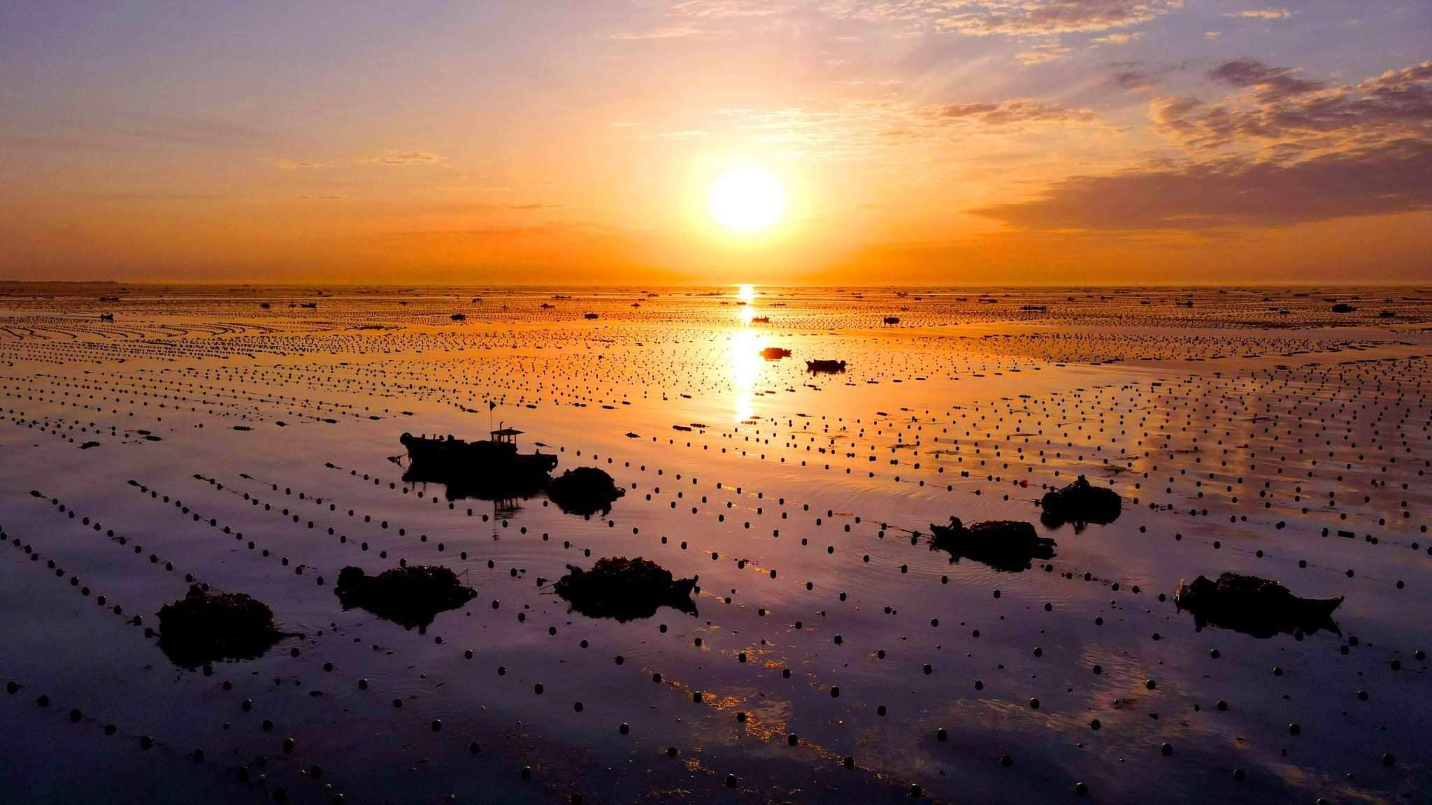 2023年5月31日,山東威海,榮成愛倫灣海洋牧場(chǎng),漁民駕駛船只在海上收獲海帶,美麗的朝霞倒影在海上,海鷗伴舞,海洋牧場(chǎng)到處呈現(xiàn)一派豐收的喜人景象。視覺中國(guó)
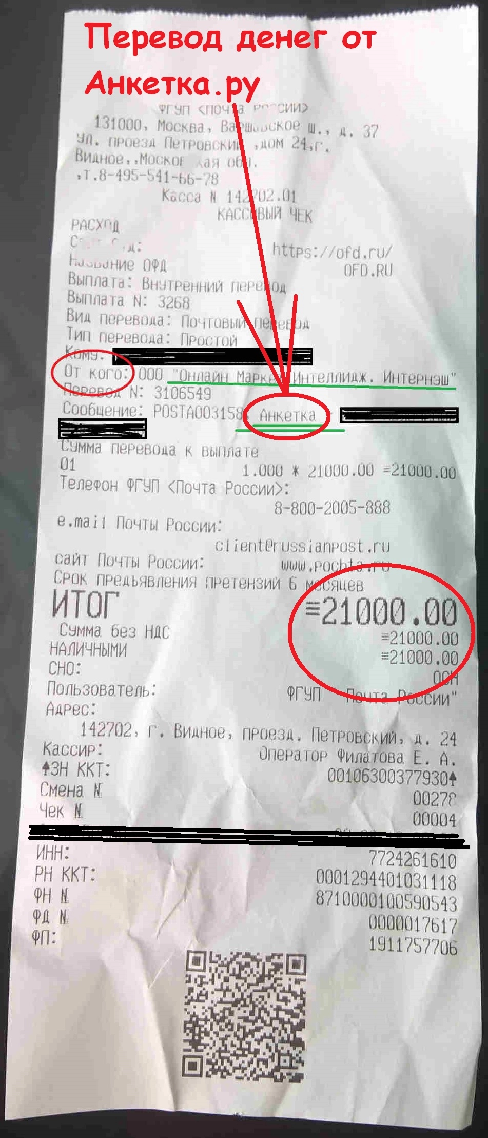 Что это за картинка? А это квитанция почтового перевода. Ранее этот сайт переводил деньги через почту. Сейчас они выводят деньги на карты банков, телефон и платёжные системы. Ещё замечу, что это мой заработок не за один месяц, а по моему месяца за 4-5, уже не помню точно. Отзывы о Анкетка.ру положительные! На нём работает под миллион человек, проходят опросы.
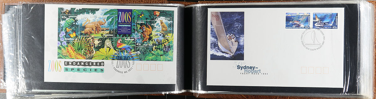 Group of roughly 375 Australia first day covers, 1960's-2008, in 5 albums with some loose material. We note singles, sets, and high denomination frankings, noting private cachet makers WCS, Royal, Parade Covers, just to name a few. A nice lot for the cover collector, overall very fine. Estimate =
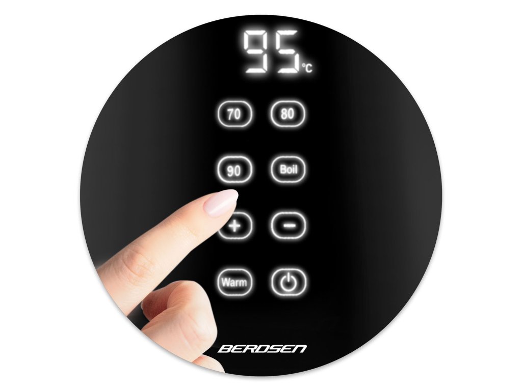 Ceainicul are pe capac un panou tactil mare cu butoane funcționale:
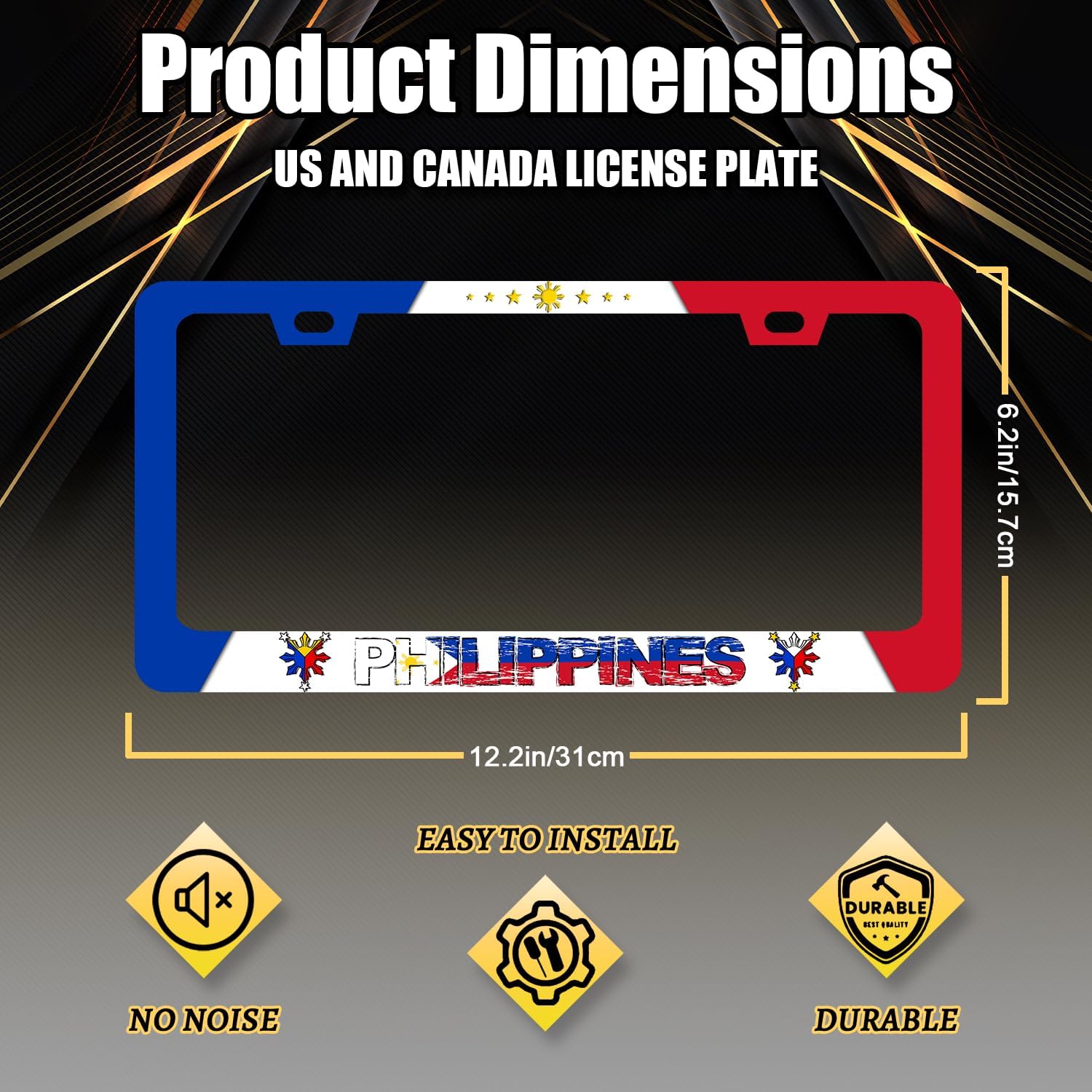- Size: 12.2" x 6.2" , it fits all standard size US vehicle license plates.With compatibility, the stylish design frame fits on your car license plate.
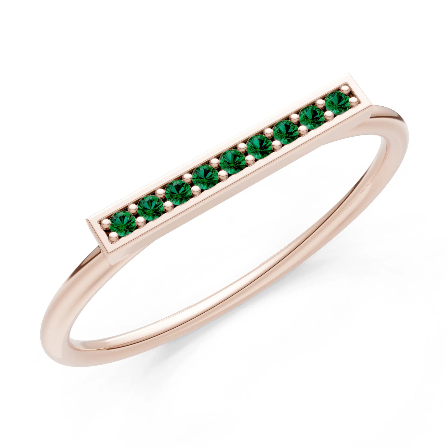Emerald Dainty Slim Bar Pavé Round Cut Half Band
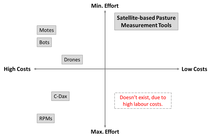 But satellite-based pasture measurement services are hands down the clear winners with respect to cost and effort.
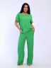 Отличная весёлая расцветка ярко зелёный костюм. Пошив аккуратный. Ткань не мнётся к телу приятная . Взяла на размер меньше!!! И всё в пору. Брюки длинные на рост 165 см. Благодарность данному магазину за прекрасный товар!!! Рекомендую
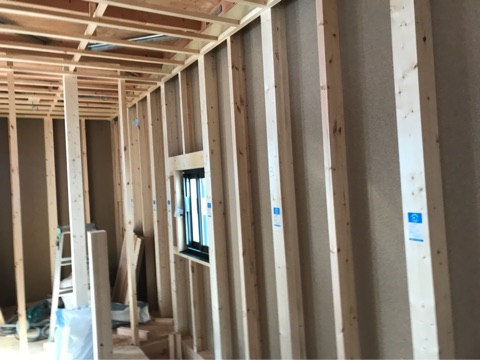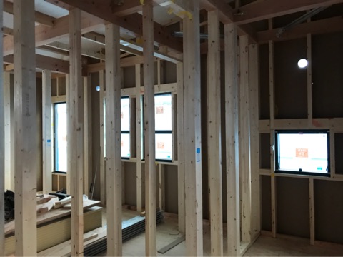 投稿日: 2017年11月17日現場進捗状況(^^) 呉市 海岸2丁目O様邸の現場風景です 現場では、サッシが取り付けられて内部の間仕切り下地が施工されました 外部は、サッシが施工されてこれから外壁工事へと移って行きます 上棟時に何もなかった空間が、部屋の間仕切り下地が施工されることにより、イメージが湧きやすくなりましたね これから、現場が日に日に進んで行くのでお楽しみに〜
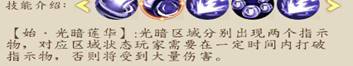 注:此技能其实就是BOSS攻击类别,分阴阳,也就是光明与黑暗。黑暗为主攻击伤害系。攻击效果是光明与黑暗同时出现,玩家躲避到白色【光明】光圈里时是安全的。在黑暗区域会损失一定血量。
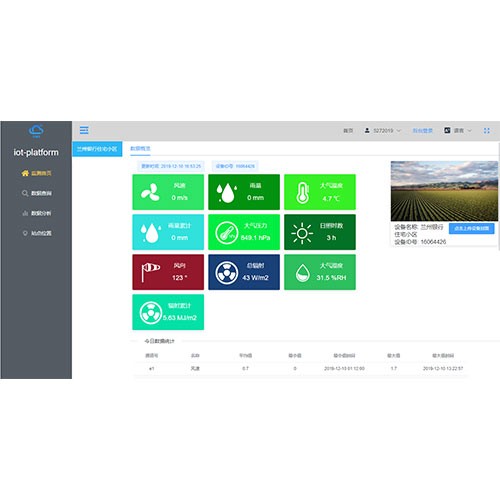 ? 實時監(jiān)測風速、風向、雨量、溫度、濕度、氣壓、太陽輻射、土壤溫度、土壤濕度等要素參數
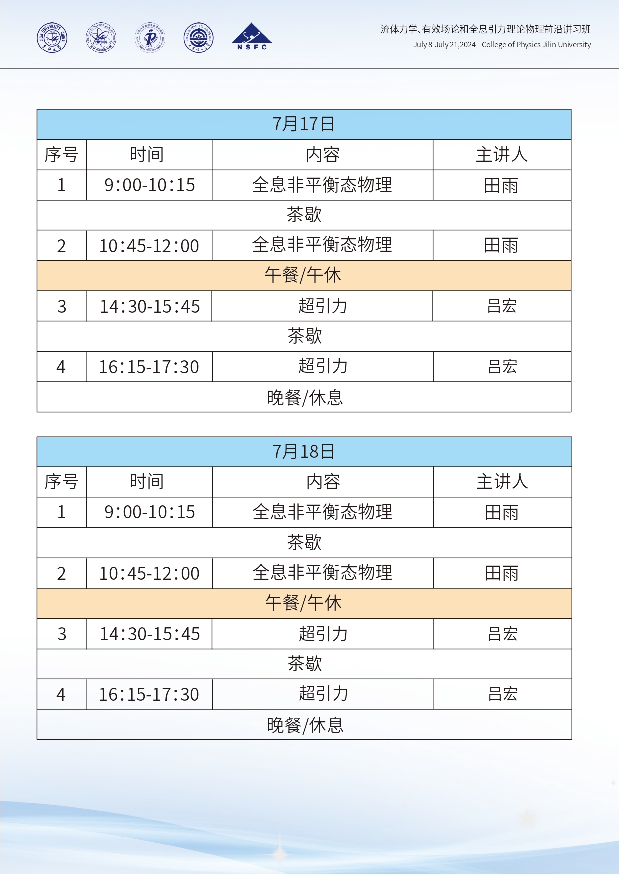 流体力学、有效场论和全息引力理论物理前沿讲习班第二轮通知
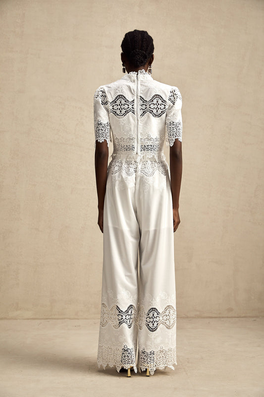 Raphaëlle Beyaz İşlemeli Ceket Ve Pantolon Uyumlu Takım
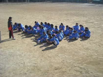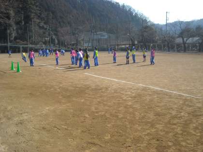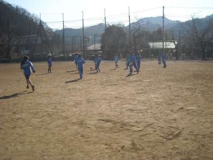 女子は校庭でナデシコを目指してサッカーに興じていました。
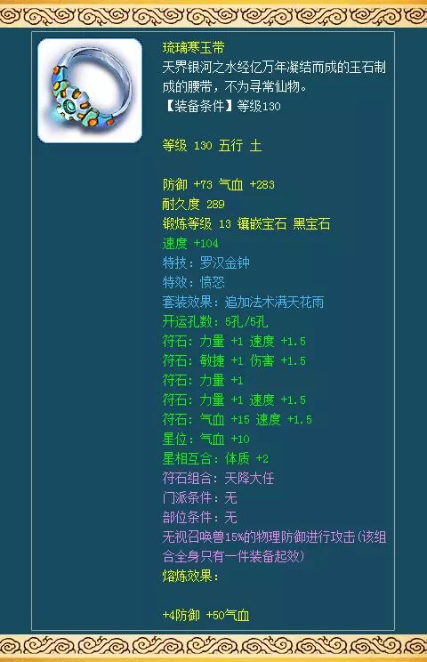 130级愤怒、罗汉腰带,算上熔炼有77点初防和333点初始气血,13段黑宝石!这条愤怒、罗汉腰带适合所有职业,不过如果不是物理系使用的话需要把它的符石组合换掉,另外它的套装效果也得换。
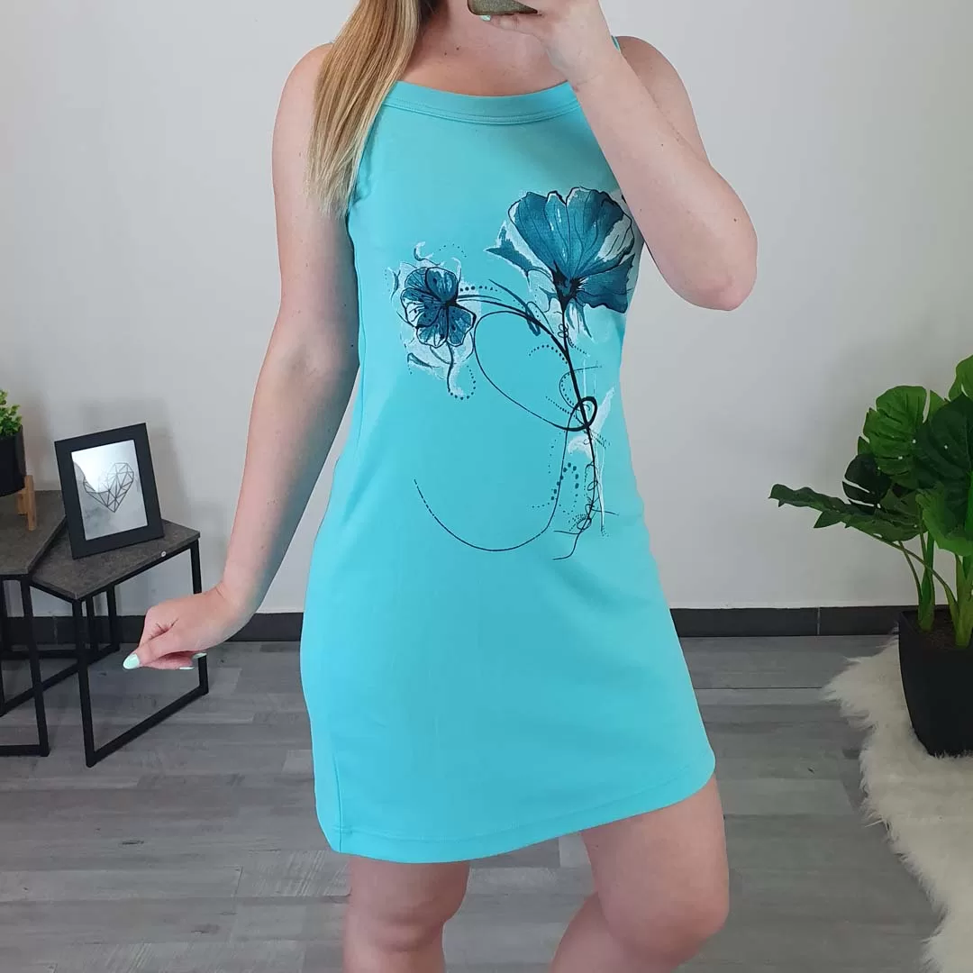Poletna bombažna obleka Katja z ozkimi naramnicami. Obleka je izdelana iz kvalitetnega bombaža in je prijetna za nošenje. Na sprednji strani ima tisk v modri in beli barvi. V obleki se boste počutile sproščeno in je odlična izbira za vroče poletne dni. Na voljo od številke 36 do številke 48.
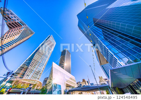 日本の東京都市景観 希望の光…虎ノ門ヒルズステーションタワー(虎ノ門ヒルズ駅)横に港区立明舟公園誕生
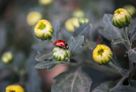 A vibrant composition showcasing colorful ladybugs in red and yellow against a soft green background. Ideal for nature themes, minimalistic art, and design elements.
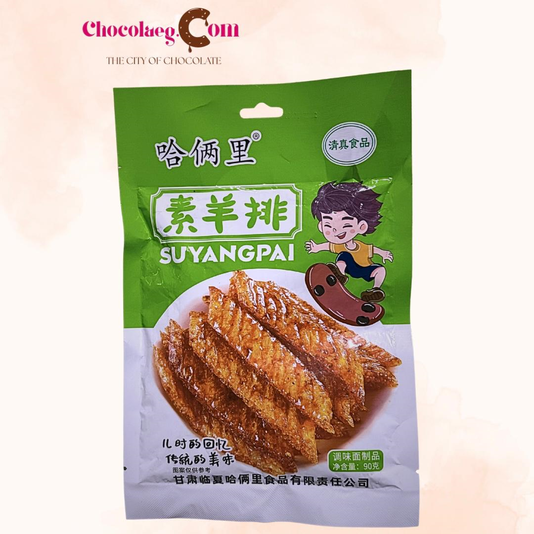 Halali Su Yang Pai (spicy gluten strips), a popular Chinese snack food.
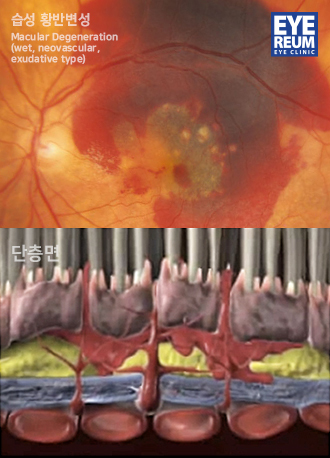 습성 황반변성(wet, neovascular, exudative type)은 망막 밑에 맥락막 신생혈관이 자라서, 이 신생혈관 자체 또는 혈관으로부터의 출혈, 삼출 등에 의해 심한 시력 손상이 발생하기 쉬우며, 발병 후 수개월~수년 사이에 원반형 위축, 심한 출혈 등으로 실명을 초래할 수 있습니다.
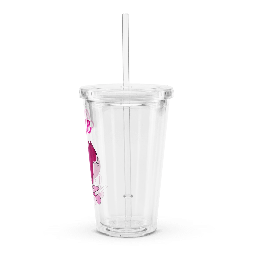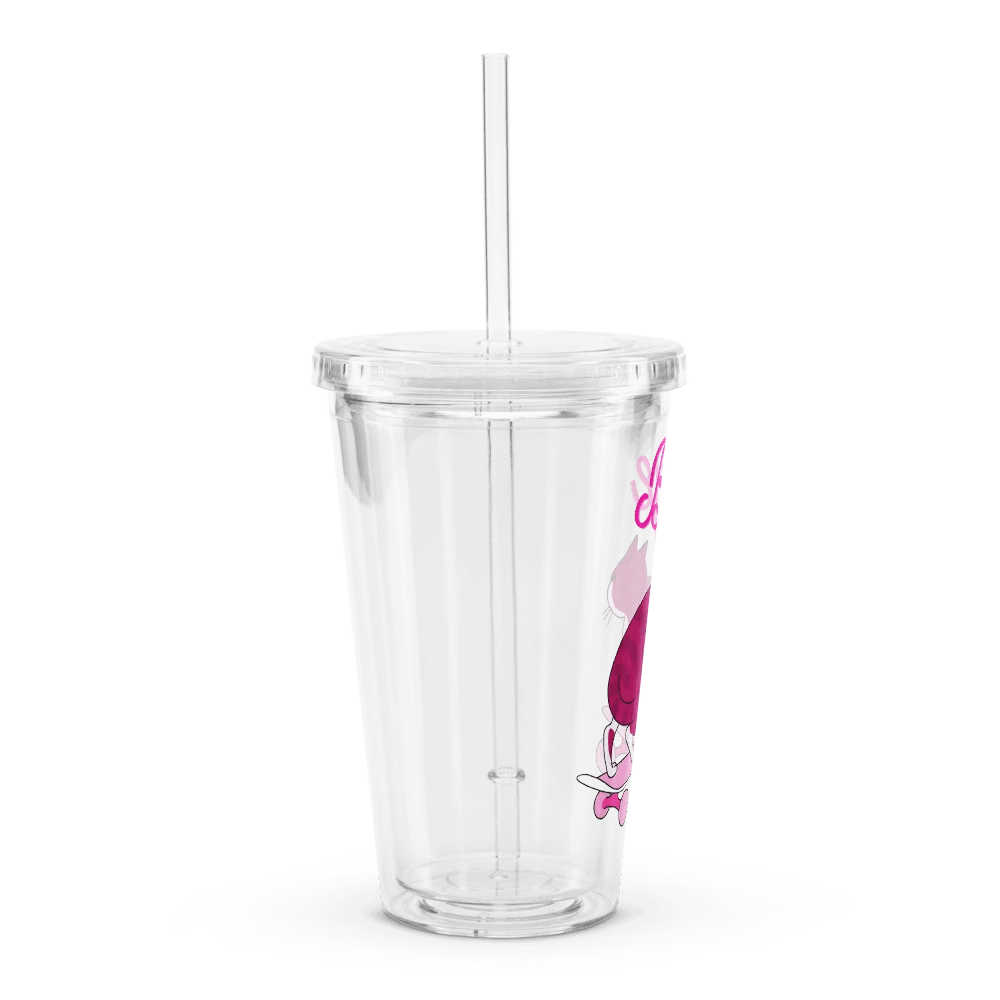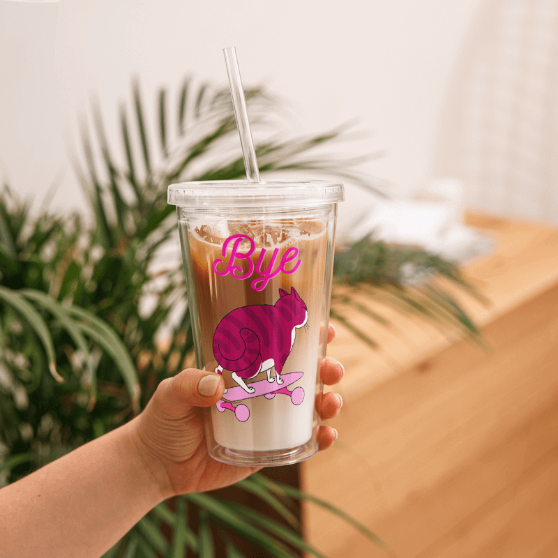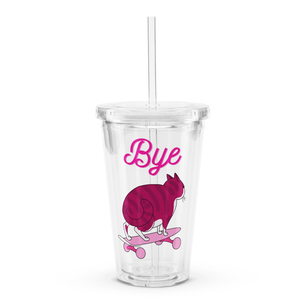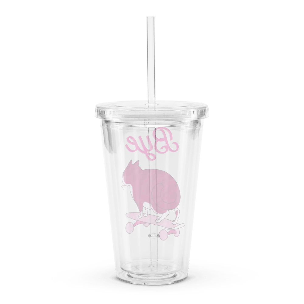 "Bye" Pink Skater Cat Clear Plastic Tumbler

────────────────────

▸ **Required action**:
Retype every entry word for word, but do not carry over the pictures.

▸ **Response for this exercise**:
 2023年5月31日,山東威海,榮成愛倫灣海洋牧場(chǎng),漁民駕駛船只在海上收獲海帶,美麗的朝霞倒影在海上,海鷗伴舞,海洋牧場(chǎng)到處呈現(xiàn)一派豐收的喜人景象。視覺中國(guó)
 Что это за картинка? А это квитанция почтового перевода. Ранее этот сайт переводил деньги через почту. Сейчас они выводят деньги на карты банков, телефон и платёжные системы. Ещё замечу, что это мой заработок не за один месяц, а по моему месяца за 4-5, уже не помню точно. Отзывы о Анкетка.ру положительные! На нём работает под миллион человек, проходят опросы.
 Group of roughly 375 Australia first day covers, 1960's-2008, in 5 albums with some loose material. We note singles, sets, and high denomination frankings, noting private cachet makers WCS, Royal, Parade Covers, just to name a few. A nice lot for the cover collector, overall very fine. Estimate =
 Ceainicul are pe capac un panou tactil mare cu butoane funcționale:
- Size: 12.2" x 6.2" , it fits all standard size US vehicle license plates.With compatibility, the stylish design frame fits on your car license plate.
Emerald Dainty Slim Bar Pavé Round Cut Half Band
 But satellite-based pasture measurement services are hands down the clear winners with respect to cost and effort.
 Отличная весёлая расцветка ярко зелёный костюм. Пошив аккуратный. Ткань не мнётся к телу приятная . Взяла на размер меньше!!! И всё в пору. Брюки длинные на рост 165 см. Благодарность данному магазину за прекрасный товар!!! Рекомендую
 投稿日: 2017年11月17日現場進捗状況(^^) 呉市 海岸2丁目O様邸の現場風景です 現場では、サッシが取り付けられて内部の間仕切り下地が施工されました 外部は、サッシが施工されてこれから外壁工事へと移って行きます 上棟時に何もなかった空間が、部屋の間仕切り下地が施工されることにより、イメージが湧きやすくなりましたね これから、現場が日に日に進んで行くのでお楽しみに〜
 注:此技能其实就是BOSS攻击类别,分阴阳,也就是光明与黑暗。黑暗为主攻击伤害系。攻击效果是光明与黑暗同时出现,玩家躲避到白色【光明】光圈里时是安全的。在黑暗区域会损失一定血量。
 ? 實時監(jiān)測風速、風向、雨量、溫度、濕度、氣壓、太陽輻射、土壤溫度、土壤濕度等要素參數
 流体力学、有效场论和全息引力理论物理前沿讲习班第二轮通知
 Raphaëlle Beyaz İşlemeli Ceket Ve Pantolon Uyumlu Takım
 女子は校庭でナデシコを目指してサッカーに興じていました。
 130级愤怒、罗汉腰带,算上熔炼有77点初防和333点初始气血,13段黑宝石!这条愤怒、罗汉腰带适合所有职业,不过如果不是物理系使用的话需要把它的符石组合换掉,另外它的套装效果也得换。
Poletna bombažna obleka Katja z ozkimi naramnicami. Obleka je izdelana iz kvalitetnega bombaža in je prijetna za nošenje. Na sprednji strani ima tisk v modri in beli barvi. V obleki se boste počutile sproščeno in je odlična izbira za vroče poletne dni. Na voljo od številke 36 do številke 48.
 日本の東京都市景観 希望の光…虎ノ門ヒルズステーションタワー(虎ノ門ヒルズ駅)横に港区立明舟公園誕生
 A vibrant composition showcasing colorful ladybugs in red and yellow against a soft green background. Ideal for nature themes, minimalistic art, and design elements.
 Halali Su Yang Pai (spicy gluten strips), a popular Chinese snack food.
 습성 황반변성(wet, neovascular, exudative type)은 망막 밑에 맥락막 신생혈관이 자라서, 이 신생혈관 자체 또는 혈관으로부터의 출혈, 삼출 등에 의해 심한 시력 손상이 발생하기 쉬우며, 발병 후 수개월~수년 사이에 원반형 위축, 심한 출혈 등으로 실명을 초래할 수 있습니다.
 "Bye" Pink Skater Cat Clear Plastic Tumbler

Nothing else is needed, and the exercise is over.